Updated: Jun 10, 2021
We've been at best acquaintances, but this year requires more of us.
My roommate just read me for filth… and I have to share it with others because it hit hard but uplifted me that much more…
Back in the day I needed to know the future to move forward. It was imperative that I prepare for every scenario so that nothing would surprise, devastate, disappoint, or kill me. I remember in the fourth grade going to ZodiacGirlz.com on the school computer and clicking on the crystal ball feature that would answer all my questions and tell me my future. It was reassuring to know that so-and-so liked me and we were going to get married one day! Now, at 26 years old, having just finished my Master’s thesis and jumping into a new year with new and unknown opportunities… I wish I was that little girl again who could lean on that crystal ball.
I was expressing this to my roommate recently.
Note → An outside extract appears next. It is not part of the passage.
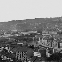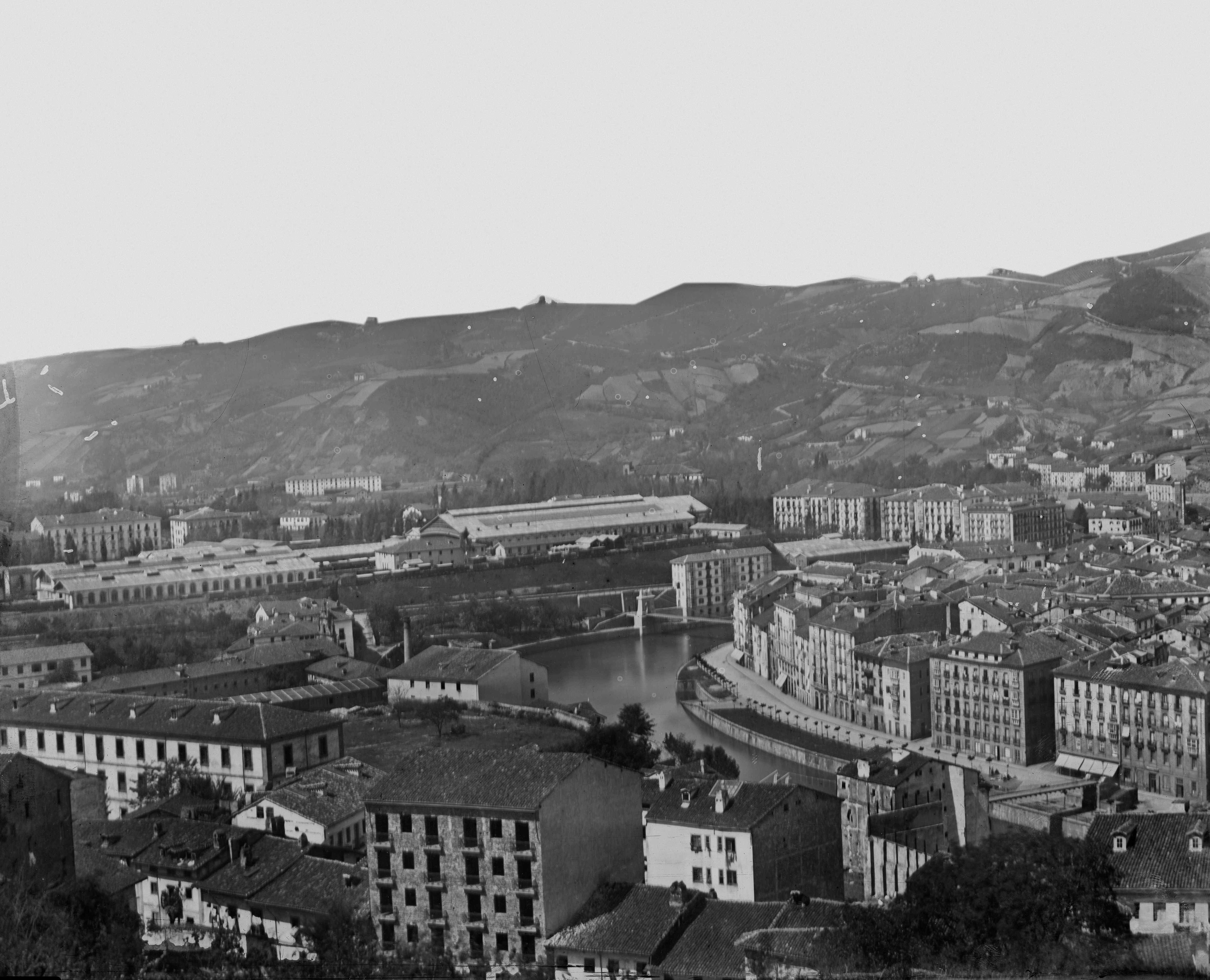 Antes de 1874 Vista desde algun punto de Miribilla donde aparece en primer término parte del barrio de San Francisco, frontón a la derecha y cuartel a la izquierda, la margen derecha de la ría con los puentes de San Francisco y Los Fueros y la calle La Ribera. Cerrando el espacio urbano las instalaciones de la Estación del Norte y al fondo las faldas de Artxanda. - Es panorámica P001, con ERR-003, ERR-035 y ERR-055. - Igual que ERR-024 - En Fototeca Archivo Foral de Bizkaia AL14/1001 es muy semejante y panorámica
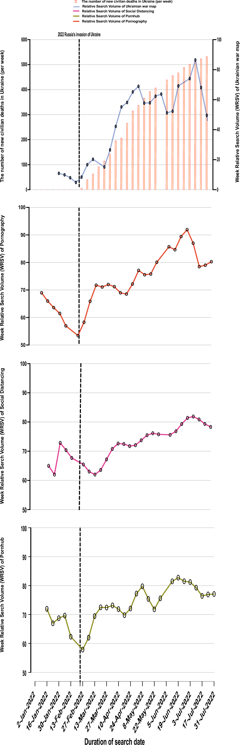 研究团队整合了三类线上数据:一是从Google Trends提取每周相对搜索量,用以追踪不同关键词的热度变化;二是从大型色情网站Pornhub获取观看习惯相关指标;三是从联合国人权事务高级专员办事处获取平民伤亡数据。研究时间范围为2022年1月2日至2022年7月31日,涵盖战争爆发前后数月。

I told her how frustrated I was and ready to move on to the next stage in my life, pushing past all these unknowns. Now that I have closed the graduate school chapter and began my 6th year living in New York City, it was time for the next thing. Time to make more money, new job, publish books (did I say more money?), financial freedom, spiritual awakenings, succeed, succeed, SUCCEED! My roommate had one word for me:
Not my favorite word because it usually means one of two things: Sit and wait or work in faithand I need practice in both…
My roommate shared her experience of what it was like to stay present and grounded in patience, while going through her own transitions. She described how she remained at the same frequency no matter the circumstances because she knew that the change she wanted to happen was going to take time. She accepted that it was going to take time to get to where she wanted to be so saw no reason in rushing each step. I didn’t like it, but she was right.
I had to ask myself later, considering the year I had and the transitions ahead, why do I feel the need to rush? After some meditation, I found that I was attacking the future in order to keep myself from embodying the much-needed silence that comes with transitioning into new blessings. I had to remind myself that the future is friendly and the crystal ball I leaned on as little girl is now much bigger and way more reliable. Her name is God.
Transitions take time, reflection, action, and most of all patience, whether I like it or not. It is my choice to accept that. I imagine I'll enjoy 2020 much more if I accept that transitions are sacred ellipsis in our journeys that deserve to be nurtured and acknowledged with grace, peace, and joy. That is my hope and this my time to practice it. So, I offer this epiphany to you if you’re also diving into 2020 with questions, transitions, and ambitions for what’s ahead. You got this, no matter the pace.